What problem does it solve?
You need tighter segmentation or matting on your own images but generic SAM2 checkpoints miss domain-specific mask quality.
Who is it for?
Indie ML builders already comfortable with Python GPUs who want SAM2 fine-tuning recipes on HF datasets.
Skip if: Non-technical founders seeking no-code vision APIs or production deployment hardening without reading training code.
When should I use this skill?
You are implementing SAM2 or similar vision fine-tuning with HF Trainer, custom collators, and matting or mask supervision.
What do I get? / Deliverables
You have a reproducible training notebook path—dataset split, SAM2 processor wiring, and Trainer-ready batches—for a fine-tuned vision model on your task.

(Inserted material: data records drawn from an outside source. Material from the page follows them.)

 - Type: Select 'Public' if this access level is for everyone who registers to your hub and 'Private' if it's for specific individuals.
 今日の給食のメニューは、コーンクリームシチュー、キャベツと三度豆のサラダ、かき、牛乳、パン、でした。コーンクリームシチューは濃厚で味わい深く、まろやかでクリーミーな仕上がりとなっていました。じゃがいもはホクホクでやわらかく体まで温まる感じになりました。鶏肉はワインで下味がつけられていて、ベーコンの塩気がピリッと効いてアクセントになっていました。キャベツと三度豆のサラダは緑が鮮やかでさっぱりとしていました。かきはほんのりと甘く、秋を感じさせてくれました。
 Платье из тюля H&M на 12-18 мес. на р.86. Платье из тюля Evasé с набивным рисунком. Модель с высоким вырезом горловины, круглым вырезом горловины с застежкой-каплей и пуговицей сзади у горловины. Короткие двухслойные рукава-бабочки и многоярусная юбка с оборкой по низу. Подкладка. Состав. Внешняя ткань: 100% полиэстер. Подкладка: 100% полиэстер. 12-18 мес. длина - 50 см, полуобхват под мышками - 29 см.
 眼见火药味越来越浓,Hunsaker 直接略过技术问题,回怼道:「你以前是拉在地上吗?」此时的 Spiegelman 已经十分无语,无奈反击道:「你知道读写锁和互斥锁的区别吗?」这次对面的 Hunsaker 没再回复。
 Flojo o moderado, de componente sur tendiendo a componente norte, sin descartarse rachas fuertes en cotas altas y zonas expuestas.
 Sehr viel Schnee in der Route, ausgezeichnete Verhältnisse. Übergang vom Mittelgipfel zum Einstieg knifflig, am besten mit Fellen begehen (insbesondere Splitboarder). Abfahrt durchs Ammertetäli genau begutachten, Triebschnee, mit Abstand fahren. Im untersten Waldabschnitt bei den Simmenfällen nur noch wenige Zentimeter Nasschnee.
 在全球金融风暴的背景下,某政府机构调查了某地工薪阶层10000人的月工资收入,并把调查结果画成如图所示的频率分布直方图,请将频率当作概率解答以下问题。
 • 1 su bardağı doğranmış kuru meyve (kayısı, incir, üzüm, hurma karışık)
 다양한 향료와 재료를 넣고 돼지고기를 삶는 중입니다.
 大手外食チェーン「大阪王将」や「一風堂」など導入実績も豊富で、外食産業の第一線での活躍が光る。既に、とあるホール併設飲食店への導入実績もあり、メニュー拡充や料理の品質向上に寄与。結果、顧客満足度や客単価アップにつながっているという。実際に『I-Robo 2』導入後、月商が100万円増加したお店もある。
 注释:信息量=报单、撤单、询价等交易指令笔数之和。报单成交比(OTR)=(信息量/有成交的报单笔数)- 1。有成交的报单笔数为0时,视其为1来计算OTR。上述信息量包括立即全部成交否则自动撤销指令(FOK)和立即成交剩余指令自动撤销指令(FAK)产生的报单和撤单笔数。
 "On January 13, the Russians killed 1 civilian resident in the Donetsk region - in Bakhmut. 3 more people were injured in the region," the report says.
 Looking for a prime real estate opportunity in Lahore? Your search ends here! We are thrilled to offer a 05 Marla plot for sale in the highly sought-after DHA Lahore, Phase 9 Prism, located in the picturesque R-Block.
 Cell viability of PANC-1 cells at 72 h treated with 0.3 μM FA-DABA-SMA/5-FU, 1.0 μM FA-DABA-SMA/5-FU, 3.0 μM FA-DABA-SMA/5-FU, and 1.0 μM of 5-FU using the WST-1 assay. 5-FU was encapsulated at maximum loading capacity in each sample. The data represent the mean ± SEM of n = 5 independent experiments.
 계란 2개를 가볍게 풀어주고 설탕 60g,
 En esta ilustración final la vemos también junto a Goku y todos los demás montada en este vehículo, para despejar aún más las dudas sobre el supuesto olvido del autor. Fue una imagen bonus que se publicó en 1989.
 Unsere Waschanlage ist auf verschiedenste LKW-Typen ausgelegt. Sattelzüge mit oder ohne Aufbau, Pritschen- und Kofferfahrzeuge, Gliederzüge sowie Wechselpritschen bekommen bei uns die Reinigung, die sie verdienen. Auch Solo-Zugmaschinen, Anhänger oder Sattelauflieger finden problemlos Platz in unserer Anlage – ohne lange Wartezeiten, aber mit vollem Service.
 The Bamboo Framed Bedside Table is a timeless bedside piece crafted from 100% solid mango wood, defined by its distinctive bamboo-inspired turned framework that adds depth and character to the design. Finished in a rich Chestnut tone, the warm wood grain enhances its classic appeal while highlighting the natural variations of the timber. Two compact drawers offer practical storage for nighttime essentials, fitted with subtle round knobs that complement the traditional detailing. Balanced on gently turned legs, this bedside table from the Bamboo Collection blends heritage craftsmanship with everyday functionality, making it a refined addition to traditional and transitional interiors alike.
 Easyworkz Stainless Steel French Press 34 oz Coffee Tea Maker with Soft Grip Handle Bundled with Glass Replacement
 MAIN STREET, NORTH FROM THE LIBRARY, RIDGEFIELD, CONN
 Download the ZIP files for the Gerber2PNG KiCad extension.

- Train/val split pipeline for MicroMat-mini
- SAMDataset + collator pattern for SAM2 processor
- Visualization and training-ready sample batches
Recommended Skills
Journey fit
Canonical shelf on Build because the skill walks through training pipelines, datasets, and model customization—not distribution or prod monitoring. Backend subphase fits ML training jobs, collators, and HF Trainer configuration rather than UI polish.
How it compares
Training recipe skill—not an MCP server or one-click hosted AutoTrain button.
Common Questions / FAQ
Who is huggingface-vision-trainer for?
Developers fine-tuning vision segmentation models with Hugging Face Trainer who want SAM2.1 matting examples on MicroMat-mini.
When should I use huggingface-vision-trainer?
Use it in Build backend work when implementing custom vision features that need fine-tuned masks before you Ship test checkpoints.
Is huggingface-vision-trainer safe to install?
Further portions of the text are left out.